44 Daarom, zijt ook gij bereid; want in welke ure gij het niet meent, zal de Zoon des mensen komen.
Wherefore ye also, be ye ready, for in that hour that ye think not the Son of man comes.
45 Wie is dan de getrouwe en voorzichtige dienstknecht, denwelken zijn heer over zijn dienstboden gesteld heeft, om hunlieder hun voedsel te geven ter rechter tijd?
Who then is the faithful and prudent bondman whom his lord has set over his household, to give them food in season?
46 Zalig is die dienstknecht, welken zijn heer, komende, zal vinden alzo doende.
Blessed is that bondman whom his lord on coming shall find doing thus.
47 Voorwaar, Ik zeg u, dat hij hem zal zetten over al zijn goederen.

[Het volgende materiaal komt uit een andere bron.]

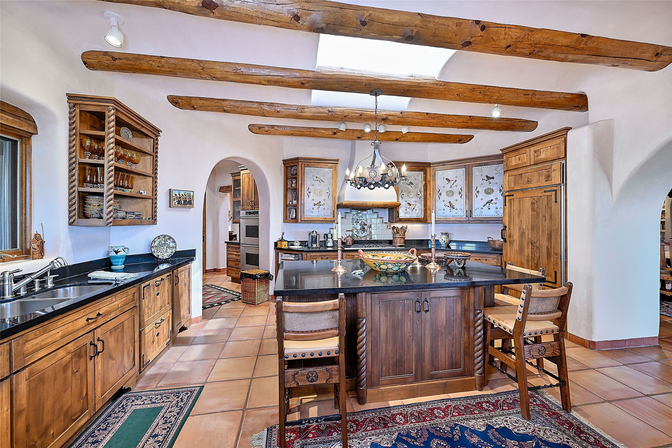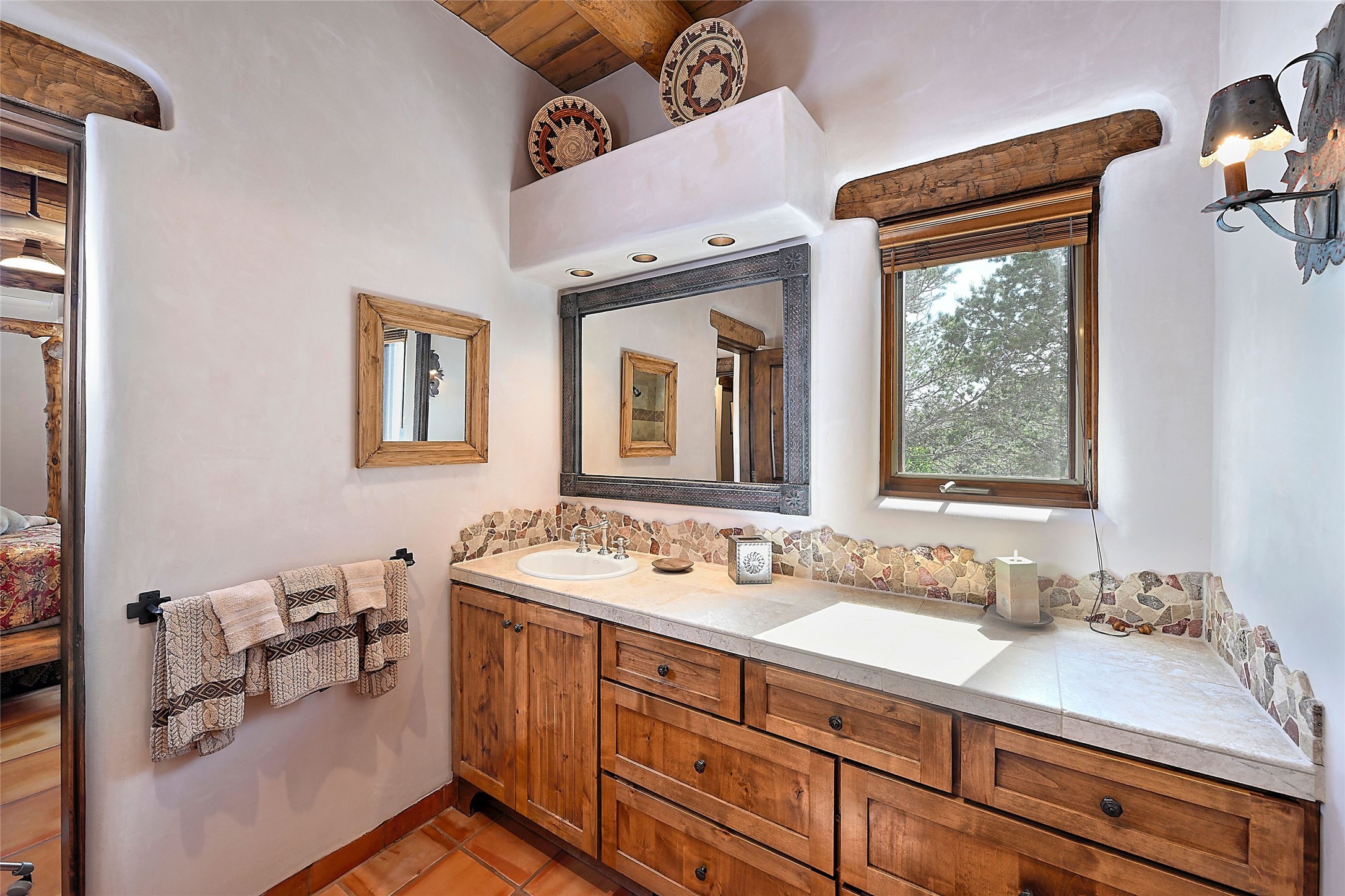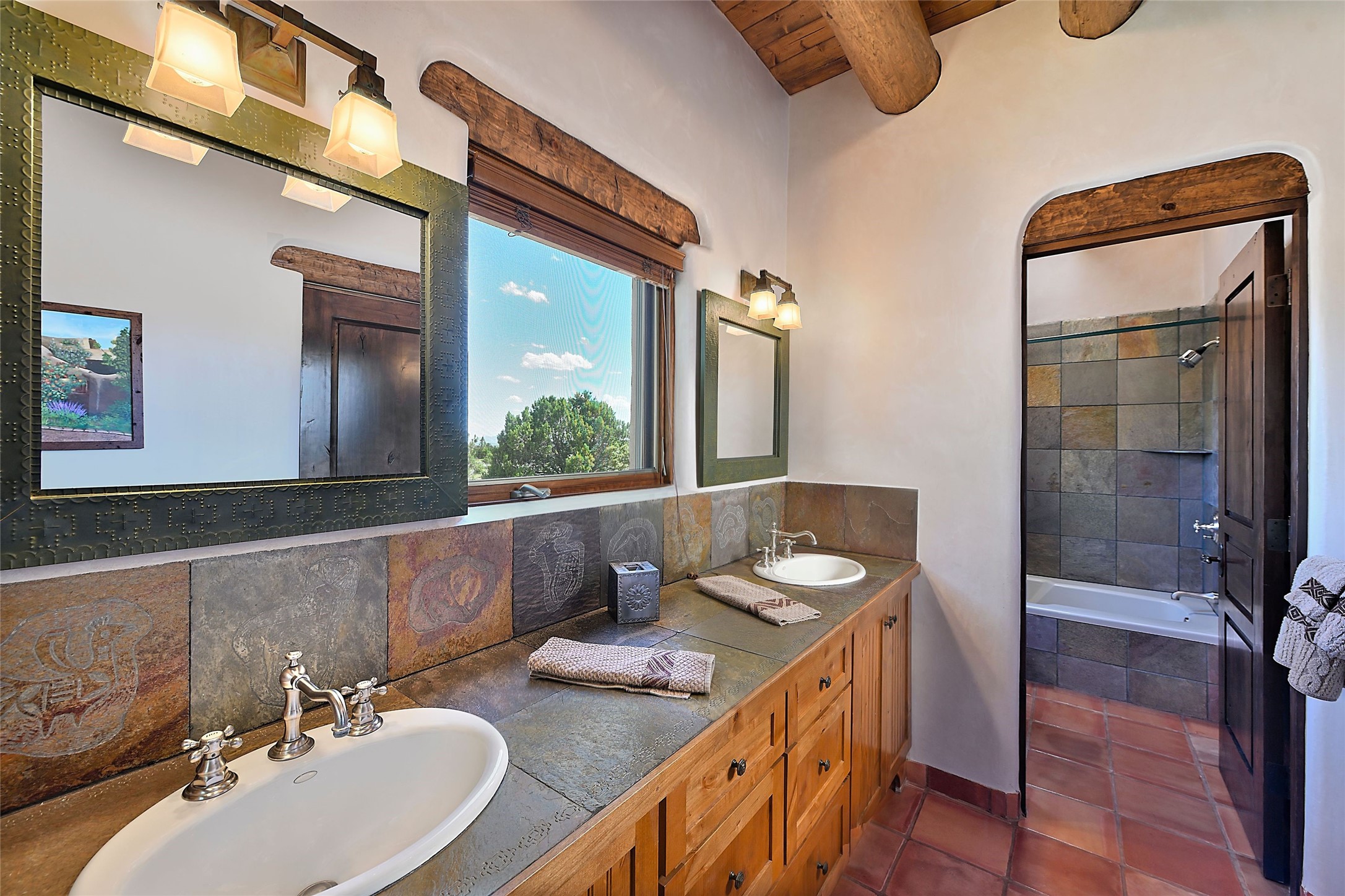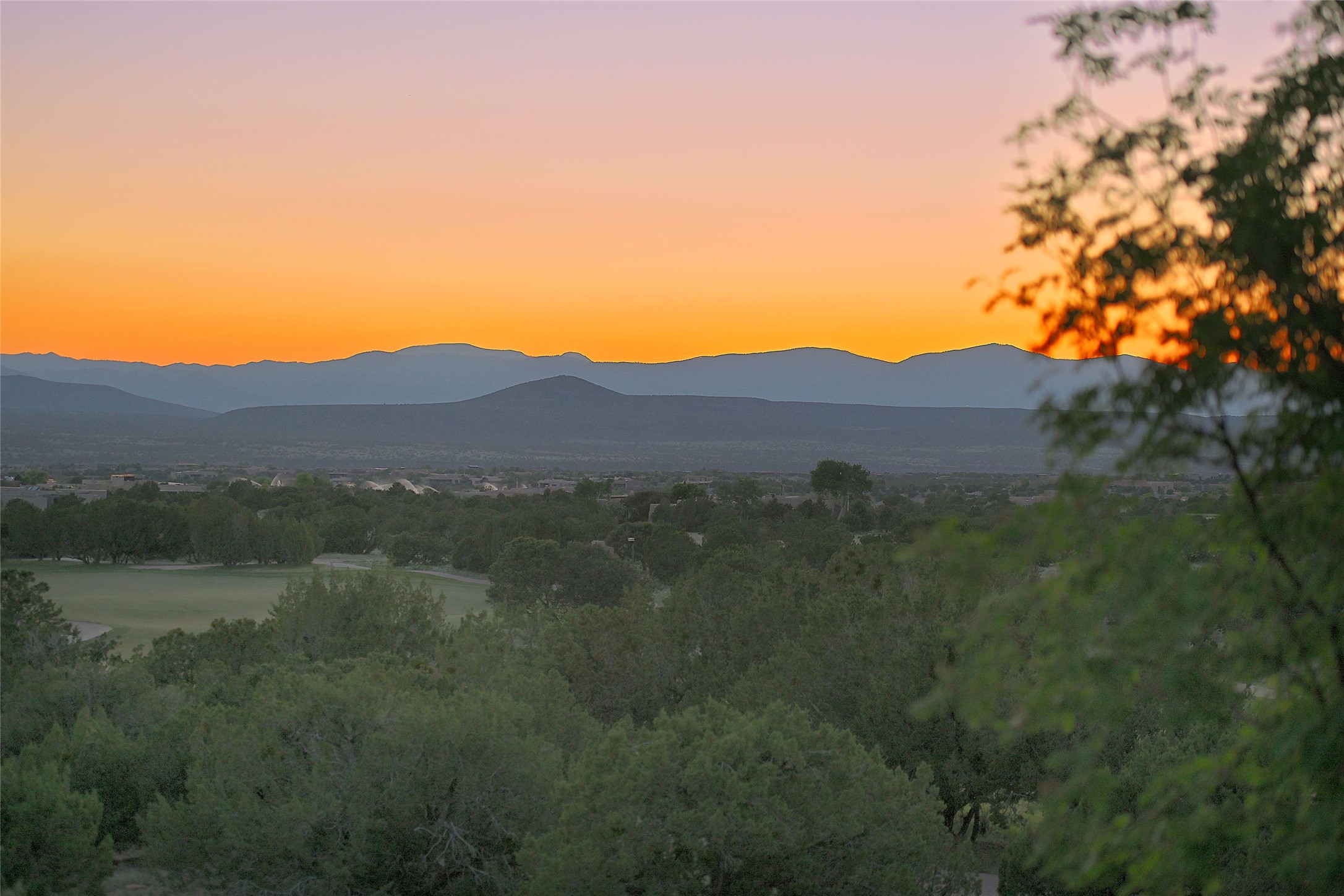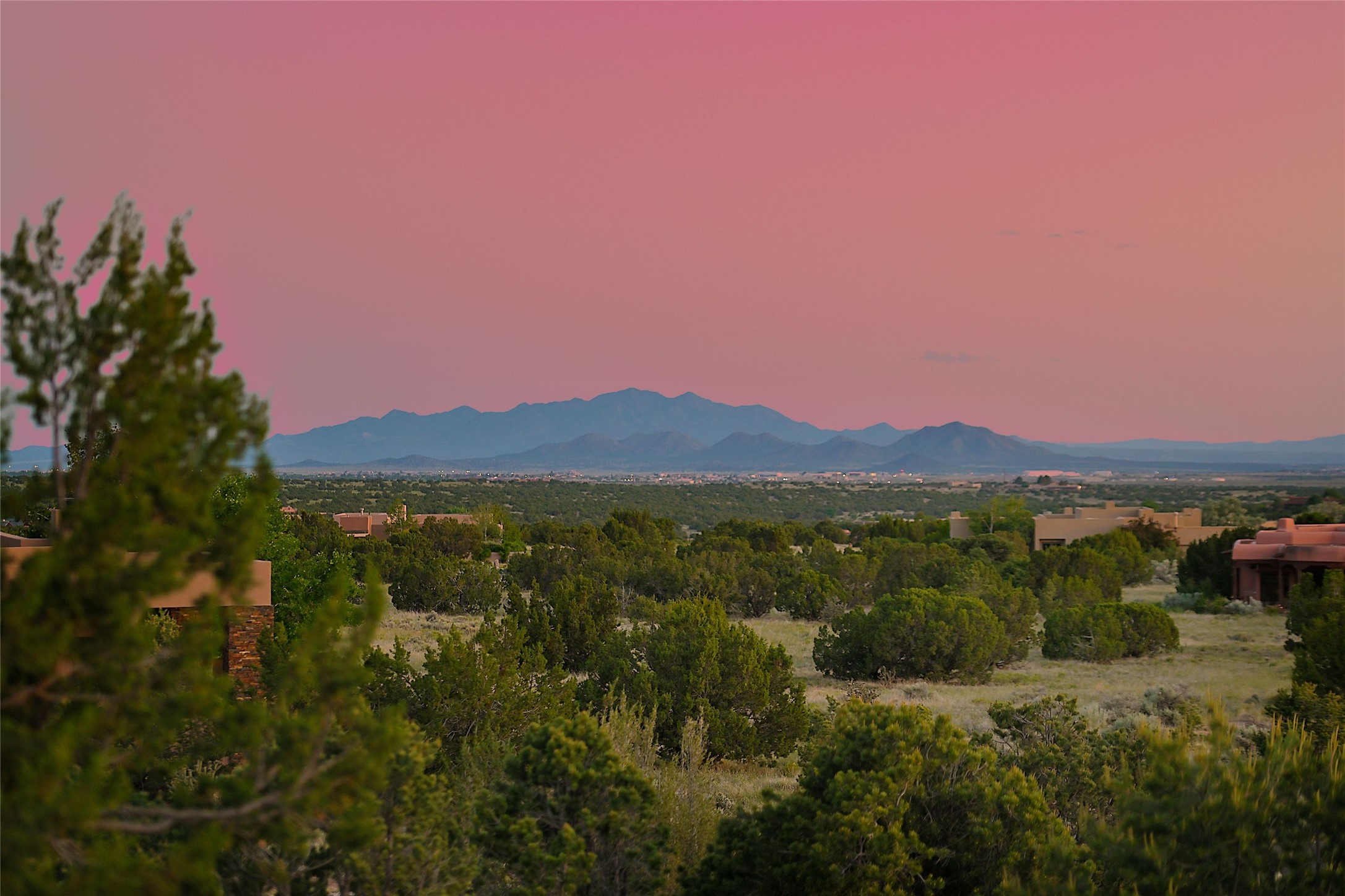 Nestled in a prime location on the Sunrise Golf Course, this exceptional adobe residence invites you into a lifestyle defined by comfort, artistry, and connection to the outdoors. A stunning portal wraps around the entire back of the home, framing expansive views of both the Jemez and Sangre de Cristo Mountains. Overlooking lush gardens and a beautifully landscaped backyard, this outdoor space is a favorite spot for outdoor dining, relaxing with a book, or simply enjoying the peaceful and quiet. Inside, the great room welcomes you with warmth and grandeur. A unique entryway, curved walls, artful niches, and a substantial fireplace create a space that feels both impressive and intimate. Just beyond, the warm and cheerful kitchen draws everyone in--anchored by a cozy fireplace and defined by handcrafted tin and tile accents, custom cabinetry, and inviting seating areas. The primary suite is a spacious retreat with a beautifully designed bathroom and a generous double shower. A separate wing of the house holds three self-contained guest bedrooms, each with its own distinctive bath, offering privacy and comfort to family and visitors alike. A charming library, currently used as an office, is accompanied by a finely finished guest bath. Throughout the home, attention to detail abounds--from hand-carved wooden doors to vigas and latillas that lend warmth and texture to every room. Thick adobe walls offer natural insulation year-round, while gently curved interior walls contribute to the home's organic flow. Multiple fireplaces throughout the home and portal provide both ambiance and warmth. This is a home filled with light, character, and soul--whether strolling near the golf course at sunset or savoring the serenity of the gardens, every space offers something truly special. Above all, it is simply a wonderful home to live in and love.

Verily I say unto you, that he will set him over all his substance.
48 Maar zo die kwade dienstknecht in zijn hart zou zeggen: Mijn heer vertoeft te komen;
But if that evil bondman should say in his heart, My lord delays to come,
49 En zou beginnen zijn mededienstknechten te slaan, en te eten en te drinken met de dronkaards;
and begin to beat his fellow-bondmen, and eat and drink with the drunken;
50 Zo zal de heer van dezen dienstknecht komen ten dage, in welken hij hem niet verwacht, en ter ure, die hij niet weet;
the lord of that bondman shall come in a day when he does not expect it, and in an hour he knows not of,
51 En zal hem afscheiden, en zijn deel zetten met de geveinsden; daar zal wening zijn en knersing der tanden.
and shall cut him in two and appoint his portion with the hypocrites: there shall be the weeping and the gnashing of teeth.